TASK DETAILS:
Once you find the line with "दरअसल, पूरा मामला" in the listing below, please repeat it and every later line exactly, through the last one, without pictures.

DATA SEGMENT:
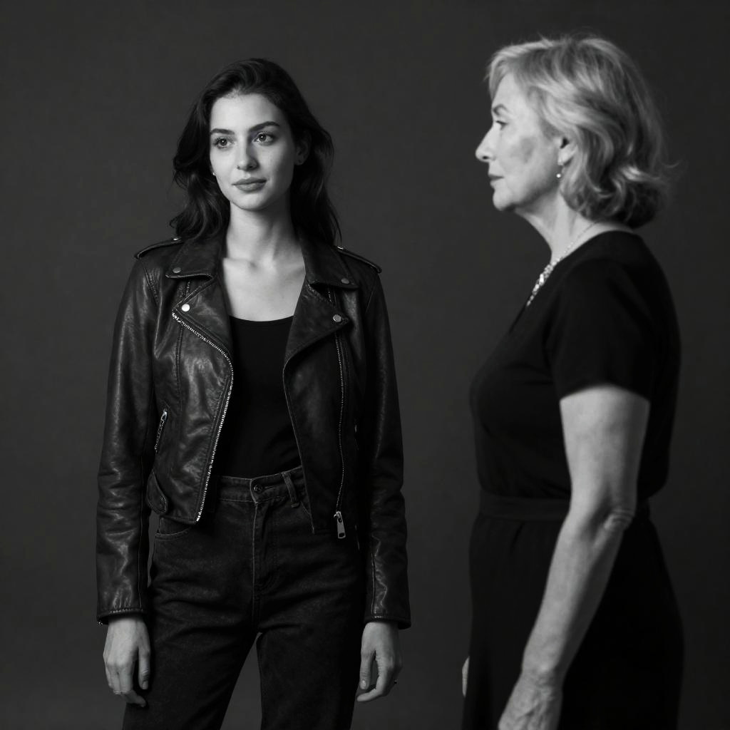 Black and white photograph of two women. Young woman with dark hair, leather jacket, high-waisted pants, hand in pocket, looking to the left. Older woman with light hair, black dress, facing right, looking at young woman. Dark ured background. Young woman's expression: slight smile. Older woman's expression: neutral. Both standing.
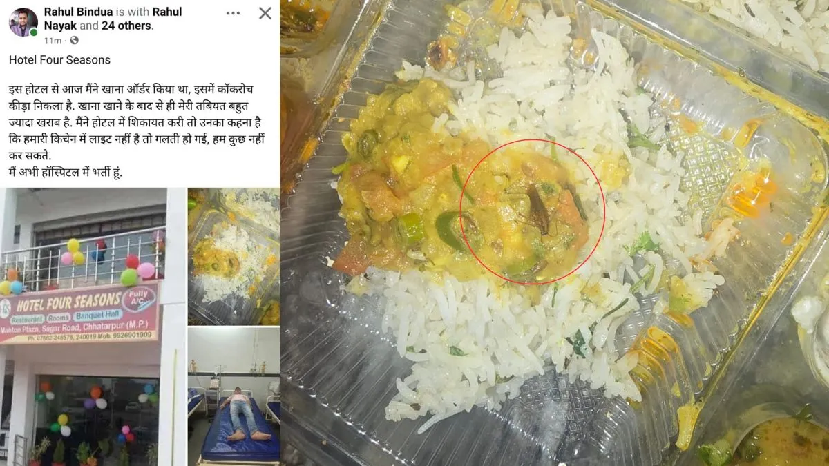 दरअसल, पूरा मामला छतरपुर के सीताराम कॉलोनी का है। यहां के रहने वाले एक शख्स राहुल बिंदुआ ने होटल के खाने मे कॉकरोच होने की बात कही। वहीं खाने में कॉकरोच निकलने से युवक की हालत बिगड़ गई, जिसके बाद उसे जिला अस्पताल में भर्ती कराया गया। सीताराम कॉलोनी निवासी राहुल बिंदुआ ने बताया कि उसने सागर रोड स्थित होटल फोर सीजन से स्विगी के माध्यम से ऑनलाइन खाना ऑर्डर करके मंगवाया था। उसने खाने में मिक्स वेज सब्जी, दाल, चावल, रोटी, रायता, बटर पनीर ऑर्डर किया था।
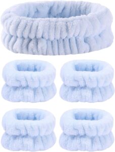 洗顔や家事で袖や床を濡らさない吸水リストバンド4点+ヘアバンド1点の5点セット。ふわふわ素材で大人も子どもも快適。吸水シュシュとしても使え、ギフトにもおすすめ。

OUTPUT:
 दरअसल, पूरा मामला छतरपुर के सीताराम कॉलोनी का है। यहां के रहने वाले एक शख्स राहुल बिंदुआ ने होटल के खाने मे कॉकरोच होने की बात कही। वहीं खाने में कॉकरोच निकलने से युवक की हालत बिगड़ गई, जिसके बाद उसे जिला अस्पताल में भर्ती कराया गया। सीताराम कॉलोनी निवासी राहुल बिंदुआ ने बताया कि उसने सागर रोड स्थित होटल फोर सीजन से स्विगी के माध्यम से ऑनलाइन खाना ऑर्डर करके मंगवाया था। उसने खाने में मिक्स वेज सब्जी, दाल, चावल, रोटी, रायता, बटर पनीर ऑर्डर किया था।
 洗顔や家事で袖や床を濡らさない吸水リストバンド4点+ヘアバンド1点の5点セット。ふわふわ素材で大人も子どもも快適。吸水シュシュとしても使え、ギフトにもおすすめ。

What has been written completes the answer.